Los Amigos Invisibles
The Social, Orlando, FL • June 10, 2011
It was a night as beautiful as this. Though the week had been threatening Floridians with the brutality of heat, by Friday everything was pleasant as we waited outside the club for the doors to open. We’d made good time to the club, and being present at the opening let us snag some choice seats for el espectaculo that was to come, one I’d been anticipating for at least a decade.
Opening act Zuva, local to Orlando but with roots in Venezuela, played a rousing set of rock en español to start things off. Although both bands tonight are Venezuelan in nature, their approach to music is quite different. In Zuva’s case, the lyrics are in a different language, but the music is of a more familiar four-piece combo, with vocalist Ernesto Romero doubling on an acoustic guitar. The band was crowded to the front of the stage by the headliner’s instruments, mysteriously shrouded in black, but it was clear that a large part of the audience was familiar with them and the band enjoys a strong following.
During the set, Zuva’s original compositions stood head and shoulder with a medley of Mana songs and an Enanitos Verdes cover. The audience gleefully sang along, and the band worked their national spirit into an appreciative room. Bassist Angel Leon kept an aggressive rumble in check, barely, and David Quintero spiced things up with tasteful riffing on guitar; it’s indie rock, and it doesn’t have to be in English. Drummer Angel Guerra was a treat to watch, whip-sharp and dynamic, cracking out snare and single-tom fills without breaking a sweat.
After Zuva’s set, the instrument covers were ceremoniously removed and folded in anticipation of Los Amigos Invisibles. The Caracas six-piece has been honing its craft for going on twenty years now, and even if you don’t recognize their name, chances are you’ve heard at least parts of their infectious Latin disco style on the odd commercial or soundtrack. Initially a cultural backlash against the Anglification of Venezuelan music, the band has become a badge of Venezuelan pride, garnering Grammies and world tours.
As the band took the stage, it was difficult to reconcile the bubbling thrum of their music with the dudes lining up behind their instruments. Guitarist José Luis Pardo (“Cheo”) sported an unruly explosion of hair, and keyboard player Armando Figueredo (“Odnam”) started out the night with a sailor shirt straight outta the Eighties. Vocalist Julio Briceño (“Chulius”), with a plaid button-up and drummer Juan Manuel Roura (“Mamel”), with a shaved head, looked like they could have basically wandered in off the Orlando street. Bassist José Rafael Torres (“Catire”), with a shaggy blond haircut and shaggier facial scraggle, could have doubled as the bassist for Drive Shaft. Only percussionist Mauricio Arcas (“Maurimix”) would have been asked for his papers in Arizona.
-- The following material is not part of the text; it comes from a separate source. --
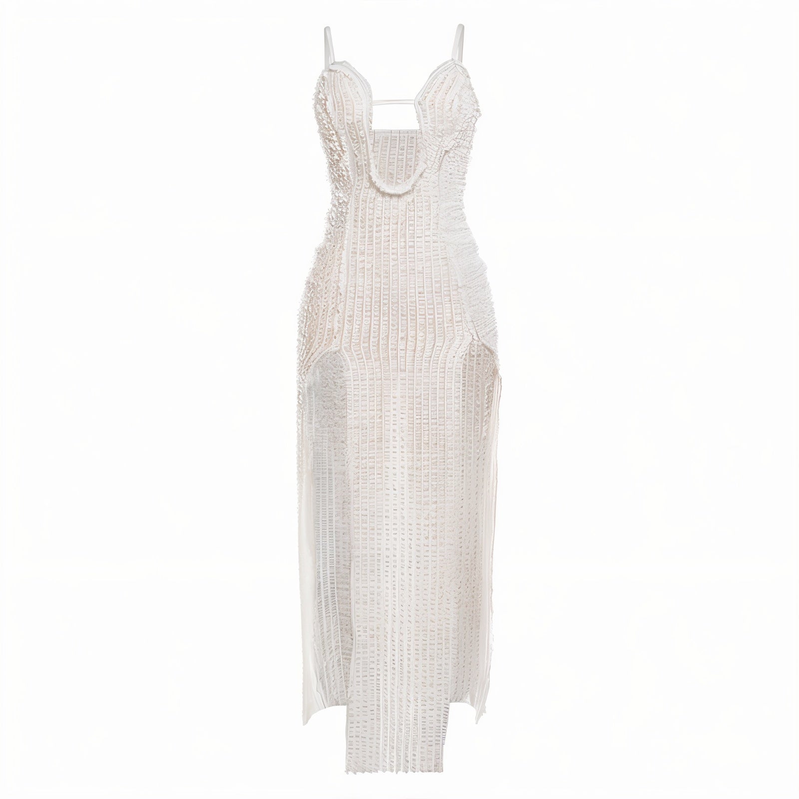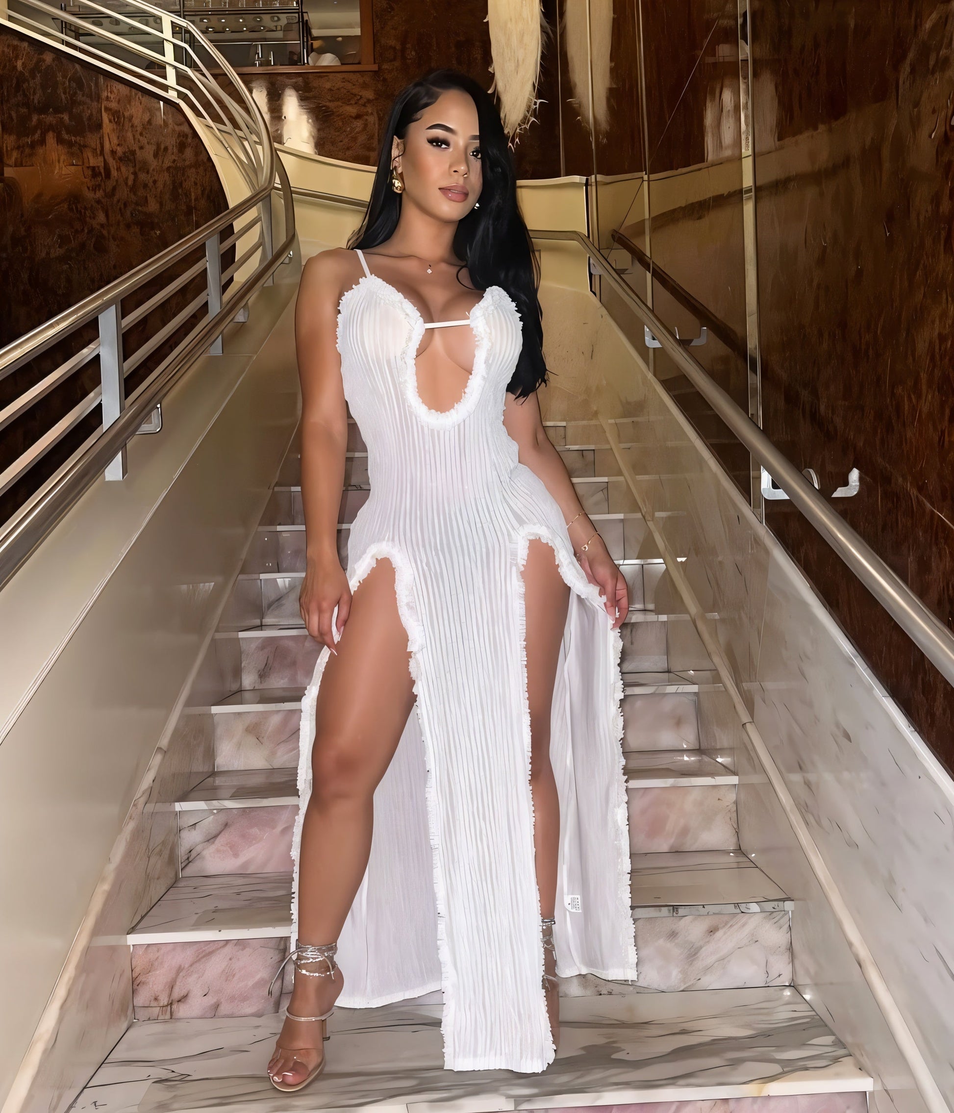 Slip into elegance with the ISLA Maxi Dress. Featuring a daring plunging neckline, thigh-high slits, and a curve-hugging pleated design, this dress is your ultimate look for turning heads and owning the night. Perfect for luxe dinners, exclusive events, or wherever you want to slay.

But all of this didn’t matter once the band kicked in. Holding an intense disco beat on the kit non stop for most of the night, Mamel decisively kicked things off and the band quickly organized. Catire stood wide-legged for most of the night, bass slung as low as possible. On the congas, Maurimix danced around Mamel’s incessant hi-hat. As the rhythm section fell in line, Cheo began striking off high chords from his Strat like a brave chipping a flint spear point. Cheo’s staccato bursts of sound were often counterpoint to the riffs Odnam scribbled off his keys. At the prow, Chulius radiated magnetism, exhorting the crowd to join the gozadera.
I can’t say for sure how long the band played for. An hour and a half? It’s really quite a blur. The music paused only a couple of times during the set, as Mamel joined Maurimix in the percussion corner and then went back to his kit. Other than that, it was as if some sort of band DJ were at work, seamlessly blending the beats from one hit to another, never letting the commanding march of bass drum and snare stumble or the sizzle of the hi-hats douse. In-between songs, and sometimes in the middle of songs, the band was eager to sprinkle in bits of Eighties hits — “Eye of the Tiger,” “The Final Countdown,” “Bring on the Night” — without pausing for breath. Cheo waggled his guitar incongruously with the flawless cascades of notes ringing out. Odnam picked up his cheapo controller in one arm to step up to the front and caress the keys in full visibility. Through it all, Chulius kept up eye contact with each and every concert-goer in attendance and rotated through a variety of hand percussion.
The band boogied through the night, playing about every single song I wanted to hear. “Mujer Policia,” “Esto Es Lo Que Hay,” “Que Rico,” “Mentiras”, “Cuchi-Cuchi,” “Ponerte En Cuatro,” and so on. For the obligatory encore, a medley of “Disco Anal” and “El Barro” (!!!) was presented. If there had been room to dance, there would have been no choice. The set list spooled by like silken thread, the minutes sliding one from the other in an unnoticeable glide. There’s a certain amount of song counting that goes on whether I’m enjoying a concert or not — either dreading or craving the ending, and wanting to know just how much more of this is left. There was no counting that could done tonight, and at the end I could only wonder where the time went, and whether more of it would kill me. Otra vez!